Posted on September 27, 2012 3:44 PM
Exploring Shared Services in Ohio, Illinois, and Metropolitan Chicago
Across the country, state and local revenues are still below their pre-recession levels. As a result, many local officials are cutting expenses through the reduction or consolidation of services, according to an August 2012 Economic Situation Summary from the U.S. Department of Labor. A team from the Ohio Department of Education, the Ohio Office of Budget and Management, and other education professionals in the state released a shared services action plan for schools and governments. Called Beyond Boundaries, the report provides ten recommendations to encourage shared services among units of government, including:
- Review existing shared services networks to determine the best structure and governance for providing an integrated system of regional shared service centers.

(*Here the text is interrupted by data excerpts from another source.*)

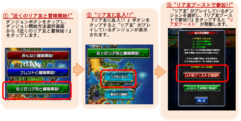 “リア友”がプレイしているダンジョンに乱入する際、『リア友ブーストで参加!!』を選択することで“リア友ブースト”が発動します!
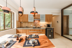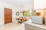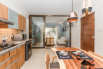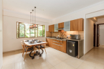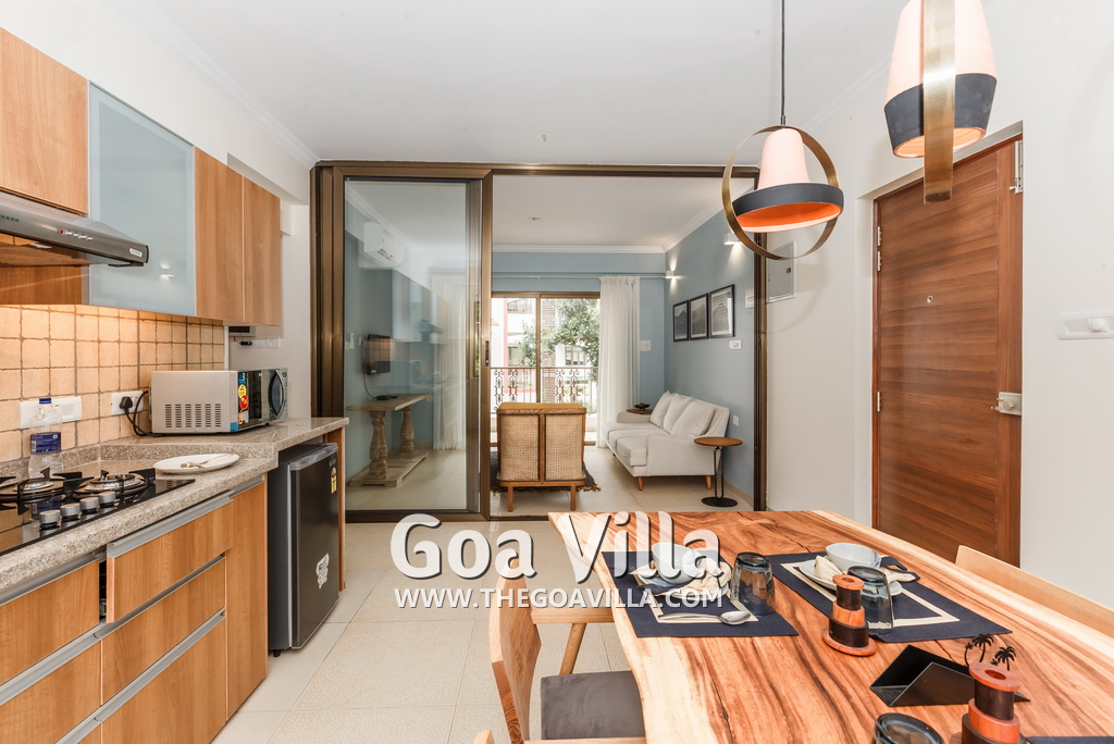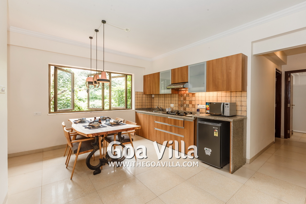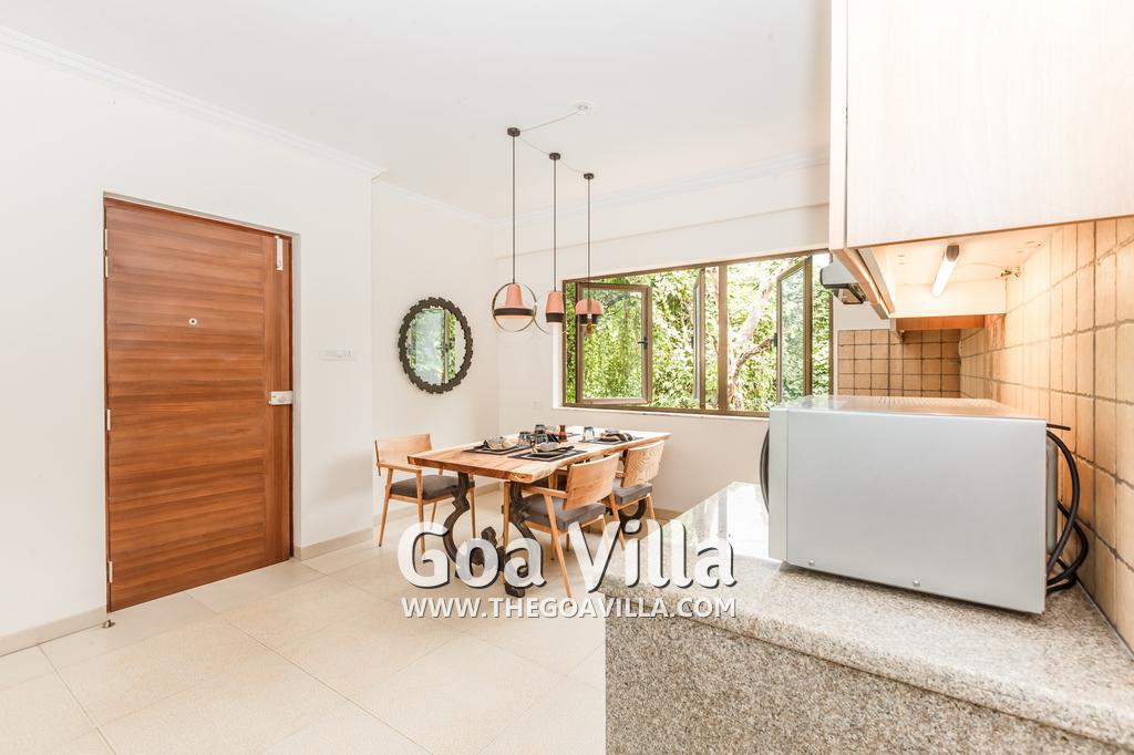 Kitchen, Dining – The apartment has a fully-equipped modular kitchen with a microwave, small refrigerator, small chimney, sink, and a cooking station. All utensils are provided. The dining area is at one side of the kitchen with seating for 4 people.
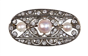 Brosche, ART-DECO 1920/30er Jahre, Silber, Nadel u. Perlschalen in Gold, 3 Perlen D = 7,8, 5,4 u. 5,2 mm (Naturperlen ?), 40 Diamanten ca. 0,80 ct weiß, 12 Diamantrosen weiß, Brosche fein durchbrochen gearbeitet , Millgriffverzierung, ca. 40,0 x 21,4 mm
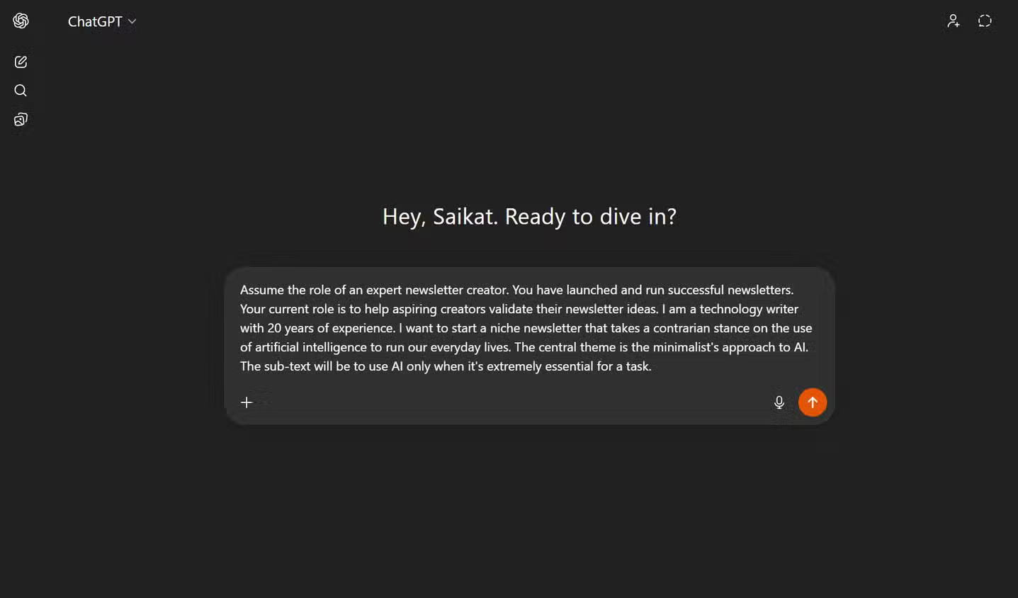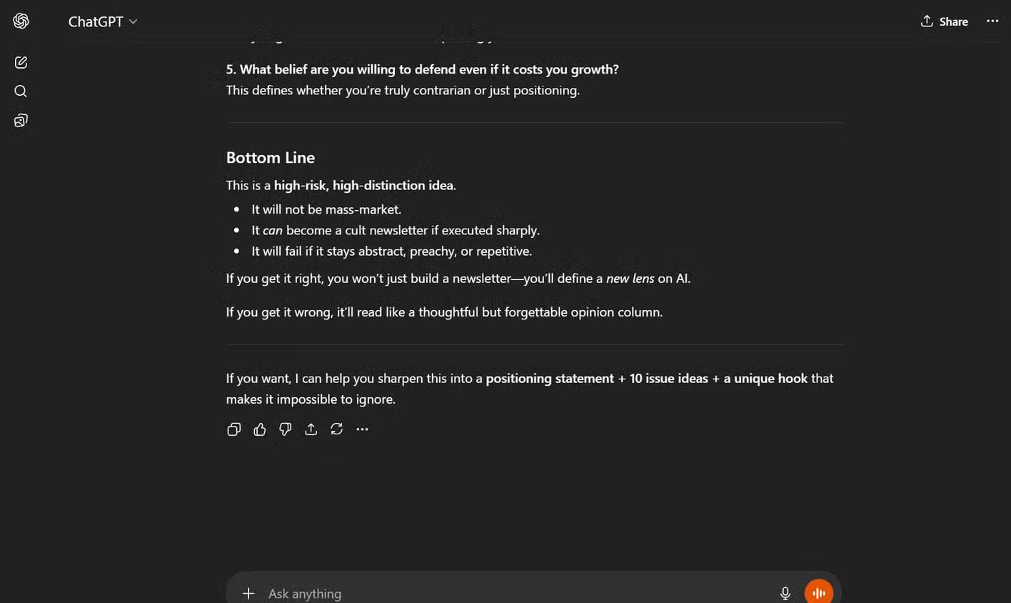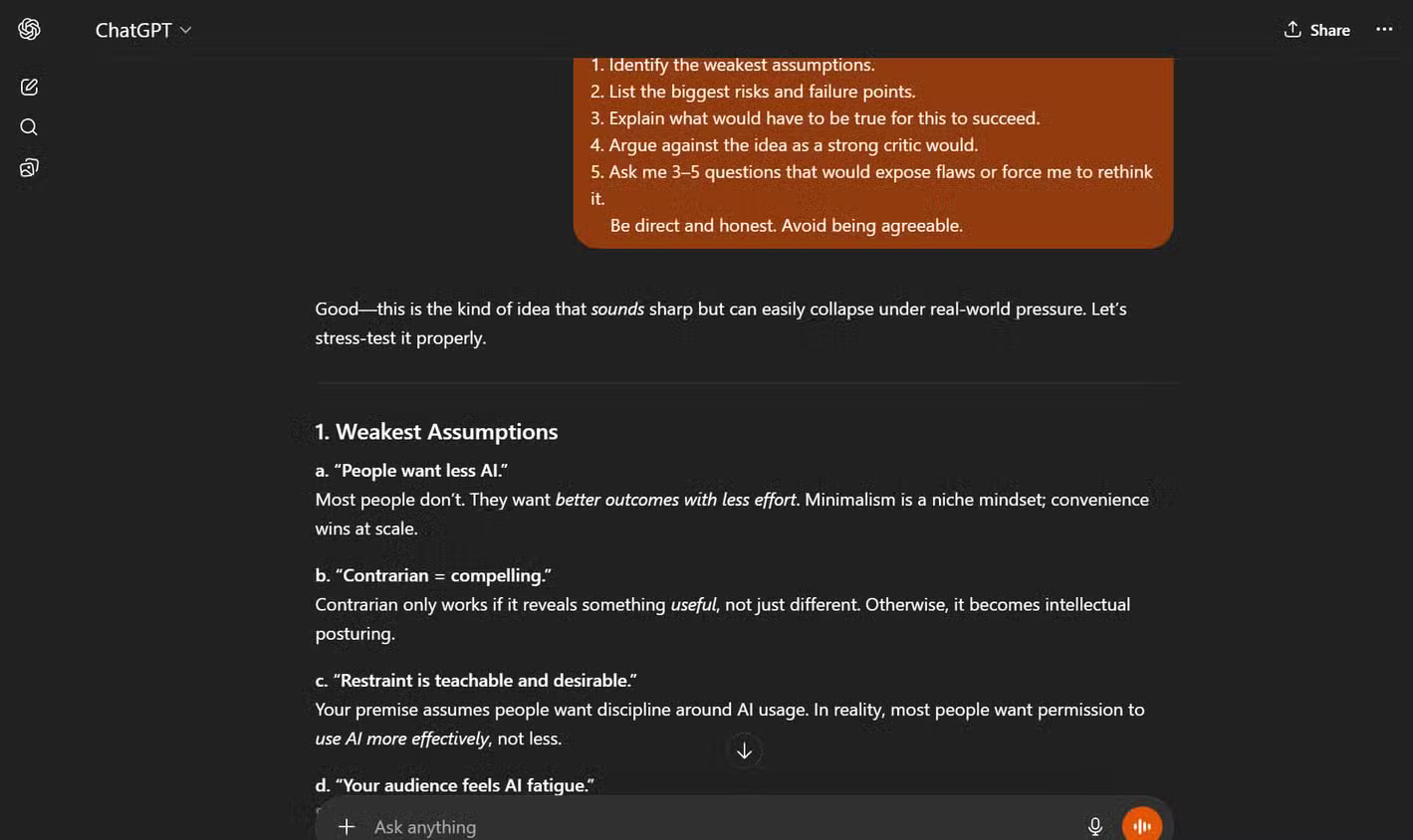 Hãy tranh luận chống lại ý tưởng như một nhà phê bình mạnh mẽ. Hỏi tôi 3-5 câu hỏi để vạch trần những thiếu sót hoặc buộc tôi phải suy nghĩ lại. Hãy trực tiếp và trung thực. Tránh tỏ ra dễ dãi.Phải thừa nhận, lần đầu tiên sử dụng tính năng này, nhiều người cảm thấy như mình đang trải qua một cơn ác mộng về năng suất. Rốt cuộc, chúng ta dùng ChatGPT để tìm câu trả lời nhanh cơ mà. Mọi người không quen với việc thấy ý tưởng của mình bị thách thức trực tiếp như vậy, đặc biệt là khi đang rất hào hứng với chúng.

- Expand the state auditor’s SkinnyOhio.org website to (1) provide information and tools to determine potential cost savings from shared services and (2) develop an on-line portal of services and products available through existing shared purchasing programs.
- Develop benchmarks for spending and financial reporting to enhance transparency and the evaluation of shared services' cost-effectiveness and performance.
- Remove statutory barriers to shared services and collaboration.
Similar work is also underway in Illinois. The Classroom First Commission, which focused specifically on public school budgets, concluded its work in July to identify efficiencies and address barriers to sharing services. Illinois has 970 public school districts, more than every state except California and Texas. The CMAP region alone has 307 school districts.
GO TO 2040 encourages efforts to share and consolidate local services. It recommends that the Metropolitan Mayors Caucus, councils of government, counties, and municipalities continue to analyze the effects of sharing or consolidating local services. Local governments in our region have undertaken a number of efforts to examine shared services. In 2009, a Metropolitan Mayors Caucus task force released a study on opportunities for shared police and fire services. The organization also works with local governments on delivery of shared services.
On the county level, DuPage County has explored shared services through an assessment of special districts. Municipalities, too, are considering creative solutions to providing services on limited budgets. Recently, Hinsdale and Clarendon Hills announced a proposed merger of their police departments.